-- TO DO --
From the listing below, output only the lines starting at the line that has "Если нужна ещё" and ending at the line that has "This can be", exactly as they appear, ends included.

AVAILABLE DATA START

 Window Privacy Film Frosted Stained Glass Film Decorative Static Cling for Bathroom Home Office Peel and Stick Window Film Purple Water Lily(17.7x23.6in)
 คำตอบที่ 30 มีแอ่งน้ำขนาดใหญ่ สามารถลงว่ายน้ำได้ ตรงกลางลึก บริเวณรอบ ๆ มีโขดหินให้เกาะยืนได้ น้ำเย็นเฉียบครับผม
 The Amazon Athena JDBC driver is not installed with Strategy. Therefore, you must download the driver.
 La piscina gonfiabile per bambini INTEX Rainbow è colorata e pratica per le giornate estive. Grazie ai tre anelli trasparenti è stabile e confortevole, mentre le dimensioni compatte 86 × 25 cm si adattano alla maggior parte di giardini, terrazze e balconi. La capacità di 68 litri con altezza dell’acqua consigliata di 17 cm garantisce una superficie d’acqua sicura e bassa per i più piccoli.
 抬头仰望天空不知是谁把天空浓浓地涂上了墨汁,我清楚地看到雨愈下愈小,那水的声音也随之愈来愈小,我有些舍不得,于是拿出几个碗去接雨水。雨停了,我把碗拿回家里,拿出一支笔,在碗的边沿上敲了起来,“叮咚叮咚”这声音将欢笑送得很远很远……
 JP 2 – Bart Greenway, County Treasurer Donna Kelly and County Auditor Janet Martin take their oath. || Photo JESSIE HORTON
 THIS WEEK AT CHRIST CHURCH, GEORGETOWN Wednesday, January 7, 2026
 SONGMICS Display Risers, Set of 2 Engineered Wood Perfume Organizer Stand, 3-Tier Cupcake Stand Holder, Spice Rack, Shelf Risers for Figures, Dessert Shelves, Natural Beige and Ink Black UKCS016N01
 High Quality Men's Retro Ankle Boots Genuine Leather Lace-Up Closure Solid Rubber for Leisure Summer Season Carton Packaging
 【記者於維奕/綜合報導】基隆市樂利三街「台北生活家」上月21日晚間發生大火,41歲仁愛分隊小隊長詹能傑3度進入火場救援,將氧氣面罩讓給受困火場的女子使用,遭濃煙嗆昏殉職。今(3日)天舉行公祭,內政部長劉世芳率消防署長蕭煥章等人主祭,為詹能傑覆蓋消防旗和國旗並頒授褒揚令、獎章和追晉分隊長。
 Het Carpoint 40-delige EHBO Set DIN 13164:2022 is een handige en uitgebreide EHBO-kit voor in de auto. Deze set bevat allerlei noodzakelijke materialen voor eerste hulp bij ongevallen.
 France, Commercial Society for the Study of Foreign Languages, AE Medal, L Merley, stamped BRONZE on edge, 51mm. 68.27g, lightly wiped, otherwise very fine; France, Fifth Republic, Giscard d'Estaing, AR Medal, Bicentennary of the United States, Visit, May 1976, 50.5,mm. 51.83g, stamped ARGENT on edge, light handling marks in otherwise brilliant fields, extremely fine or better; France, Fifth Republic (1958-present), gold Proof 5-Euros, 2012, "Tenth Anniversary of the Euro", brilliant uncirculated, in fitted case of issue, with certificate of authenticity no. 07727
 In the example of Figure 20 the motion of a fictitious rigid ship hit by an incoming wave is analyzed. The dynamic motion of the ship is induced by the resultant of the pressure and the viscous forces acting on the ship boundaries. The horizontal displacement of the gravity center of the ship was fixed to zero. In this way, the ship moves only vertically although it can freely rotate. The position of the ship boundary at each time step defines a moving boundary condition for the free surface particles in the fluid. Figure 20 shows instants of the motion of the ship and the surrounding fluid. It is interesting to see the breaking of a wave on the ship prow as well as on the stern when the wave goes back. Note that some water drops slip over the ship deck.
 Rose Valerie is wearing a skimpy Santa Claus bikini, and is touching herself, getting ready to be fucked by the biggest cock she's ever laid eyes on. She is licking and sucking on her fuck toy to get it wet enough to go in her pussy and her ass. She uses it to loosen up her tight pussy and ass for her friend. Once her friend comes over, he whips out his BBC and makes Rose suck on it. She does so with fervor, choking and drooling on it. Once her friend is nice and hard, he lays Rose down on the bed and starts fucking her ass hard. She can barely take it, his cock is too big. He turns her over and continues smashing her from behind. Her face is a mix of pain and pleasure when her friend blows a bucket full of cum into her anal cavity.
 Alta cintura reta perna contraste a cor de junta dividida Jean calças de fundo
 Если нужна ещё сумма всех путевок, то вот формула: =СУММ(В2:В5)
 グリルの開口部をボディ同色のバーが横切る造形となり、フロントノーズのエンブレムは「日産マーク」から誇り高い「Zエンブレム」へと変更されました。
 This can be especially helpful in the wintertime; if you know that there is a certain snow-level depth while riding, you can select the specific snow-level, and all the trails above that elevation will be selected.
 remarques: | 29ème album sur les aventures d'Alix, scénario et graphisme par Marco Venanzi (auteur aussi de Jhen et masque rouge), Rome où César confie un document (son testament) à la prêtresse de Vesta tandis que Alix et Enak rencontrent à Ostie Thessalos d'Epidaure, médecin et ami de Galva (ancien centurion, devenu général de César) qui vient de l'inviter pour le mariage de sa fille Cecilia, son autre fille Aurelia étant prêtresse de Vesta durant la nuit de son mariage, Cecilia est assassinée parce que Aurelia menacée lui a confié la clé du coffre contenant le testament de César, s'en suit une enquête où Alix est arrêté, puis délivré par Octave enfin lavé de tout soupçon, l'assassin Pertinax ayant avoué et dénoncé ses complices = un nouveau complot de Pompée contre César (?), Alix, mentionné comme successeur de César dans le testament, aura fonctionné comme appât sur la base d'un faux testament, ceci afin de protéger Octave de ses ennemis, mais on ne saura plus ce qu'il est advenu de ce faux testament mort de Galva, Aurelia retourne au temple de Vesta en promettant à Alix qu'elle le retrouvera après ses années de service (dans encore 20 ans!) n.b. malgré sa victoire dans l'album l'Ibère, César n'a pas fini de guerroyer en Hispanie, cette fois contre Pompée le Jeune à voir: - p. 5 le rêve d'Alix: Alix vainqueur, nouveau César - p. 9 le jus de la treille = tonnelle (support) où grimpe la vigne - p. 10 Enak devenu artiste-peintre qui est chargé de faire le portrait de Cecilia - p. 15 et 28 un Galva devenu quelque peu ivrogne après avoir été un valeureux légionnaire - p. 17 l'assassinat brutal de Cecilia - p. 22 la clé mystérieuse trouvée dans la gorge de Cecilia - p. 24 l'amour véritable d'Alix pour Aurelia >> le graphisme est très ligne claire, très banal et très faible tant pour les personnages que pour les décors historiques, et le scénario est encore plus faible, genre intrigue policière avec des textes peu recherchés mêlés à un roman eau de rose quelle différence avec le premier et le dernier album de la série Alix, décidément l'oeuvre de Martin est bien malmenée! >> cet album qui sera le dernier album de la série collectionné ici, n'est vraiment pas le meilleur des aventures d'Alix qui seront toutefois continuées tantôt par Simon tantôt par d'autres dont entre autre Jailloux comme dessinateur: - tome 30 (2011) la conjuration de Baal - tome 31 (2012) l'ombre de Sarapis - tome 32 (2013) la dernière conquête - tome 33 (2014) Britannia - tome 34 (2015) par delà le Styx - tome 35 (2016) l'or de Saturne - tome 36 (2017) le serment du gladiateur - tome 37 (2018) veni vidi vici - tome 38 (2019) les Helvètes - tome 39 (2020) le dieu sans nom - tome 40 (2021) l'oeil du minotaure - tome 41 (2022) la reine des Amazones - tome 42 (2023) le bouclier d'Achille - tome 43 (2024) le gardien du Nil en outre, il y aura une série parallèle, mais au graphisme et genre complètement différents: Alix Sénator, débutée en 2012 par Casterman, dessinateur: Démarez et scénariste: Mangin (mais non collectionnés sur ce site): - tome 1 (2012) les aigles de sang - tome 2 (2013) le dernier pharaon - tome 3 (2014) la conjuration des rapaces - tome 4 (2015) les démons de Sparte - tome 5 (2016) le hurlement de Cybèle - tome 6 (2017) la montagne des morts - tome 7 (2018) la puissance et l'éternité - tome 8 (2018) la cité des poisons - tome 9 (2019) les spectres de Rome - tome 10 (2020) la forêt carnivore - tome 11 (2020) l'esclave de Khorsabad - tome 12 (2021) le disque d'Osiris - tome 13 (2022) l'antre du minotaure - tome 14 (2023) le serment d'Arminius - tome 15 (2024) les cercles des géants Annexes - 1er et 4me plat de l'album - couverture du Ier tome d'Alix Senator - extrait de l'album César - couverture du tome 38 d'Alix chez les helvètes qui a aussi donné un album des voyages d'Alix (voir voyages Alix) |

AVAILABLE DATA END

-- RESPONSE TO THE EXERCISE --
 Если нужна ещё сумма всех путевок, то вот формула: =СУММ(В2:В5)
 グリルの開口部をボディ同色のバーが横切る造形となり、フロントノーズのエンブレムは「日産マーク」から誇り高い「Zエンブレム」へと変更されました。
 This can be especially helpful in the wintertime; if you know that there is a certain snow-level depth while riding, you can select the specific snow-level, and all the trails above that elevation will be selected.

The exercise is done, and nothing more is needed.